** REQUIRED WORK **
Word-for-word transcription needed. Include every entry below but no pictures.

(DATA FOR ANALYSIS)

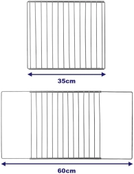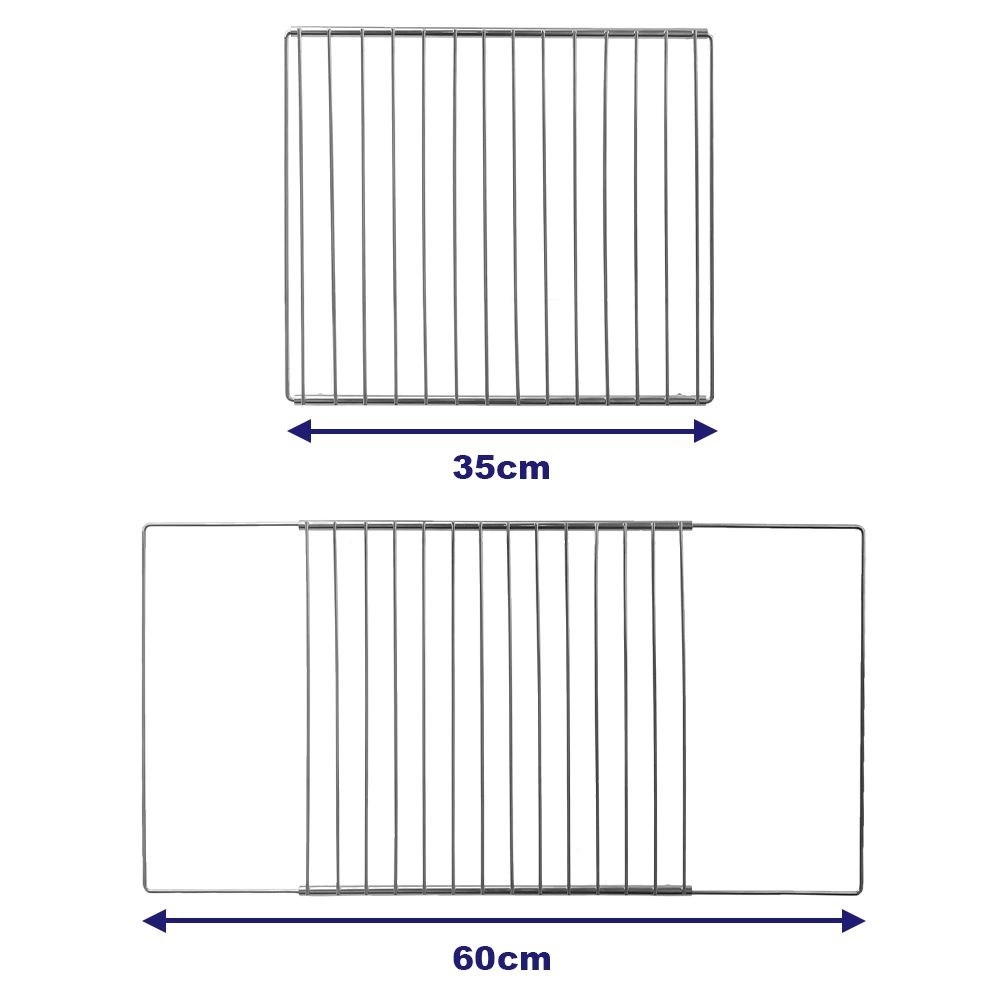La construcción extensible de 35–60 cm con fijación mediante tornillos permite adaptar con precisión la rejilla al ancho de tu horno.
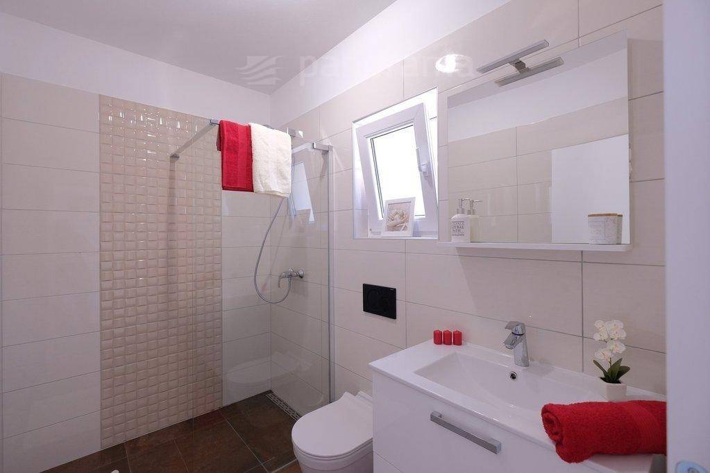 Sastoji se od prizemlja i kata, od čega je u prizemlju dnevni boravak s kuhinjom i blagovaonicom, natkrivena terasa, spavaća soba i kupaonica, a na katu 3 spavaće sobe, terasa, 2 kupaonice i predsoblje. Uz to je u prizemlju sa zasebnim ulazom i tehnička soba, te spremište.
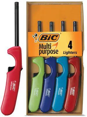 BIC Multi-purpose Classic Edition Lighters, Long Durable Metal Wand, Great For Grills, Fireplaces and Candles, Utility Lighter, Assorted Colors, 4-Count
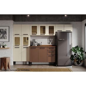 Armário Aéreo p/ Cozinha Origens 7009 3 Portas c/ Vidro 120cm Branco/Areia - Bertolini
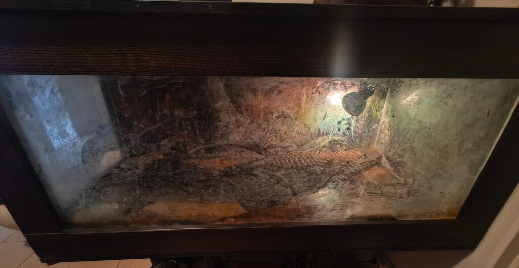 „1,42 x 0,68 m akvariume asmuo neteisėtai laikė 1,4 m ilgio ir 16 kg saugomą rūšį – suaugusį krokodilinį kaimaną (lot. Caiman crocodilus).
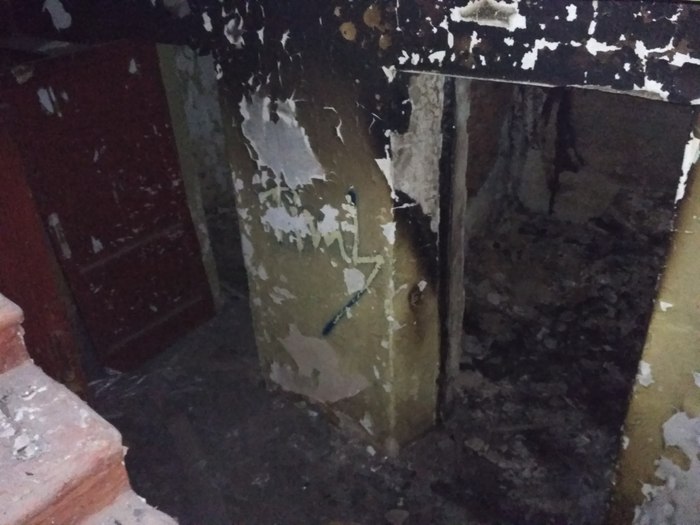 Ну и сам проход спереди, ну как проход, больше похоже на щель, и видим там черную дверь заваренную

(End DATA FOR ANALYSIS)

** TASK SOLUTION **
La construcción extensible de 35–60 cm con fijación mediante tornillos permite adaptar con precisión la rejilla al ancho de tu horno.
 Sastoji se od prizemlja i kata, od čega je u prizemlju dnevni boravak s kuhinjom i blagovaonicom, natkrivena terasa, spavaća soba i kupaonica, a na katu 3 spavaće sobe, terasa, 2 kupaonice i predsoblje. Uz to je u prizemlju sa zasebnim ulazom i tehnička soba, te spremište.
 BIC Multi-purpose Classic Edition Lighters, Long Durable Metal Wand, Great For Grills, Fireplaces and Candles, Utility Lighter, Assorted Colors, 4-Count
 Armário Aéreo p/ Cozinha Origens 7009 3 Portas c/ Vidro 120cm Branco/Areia - Bertolini
 „1,42 x 0,68 m akvariume asmuo neteisėtai laikė 1,4 m ilgio ir 16 kg saugomą rūšį – suaugusį krokodilinį kaimaną (lot. Caiman crocodilus).
 Ну и сам проход спереди, ну как проход, больше похоже на щель, и видим там черную дверь заваренную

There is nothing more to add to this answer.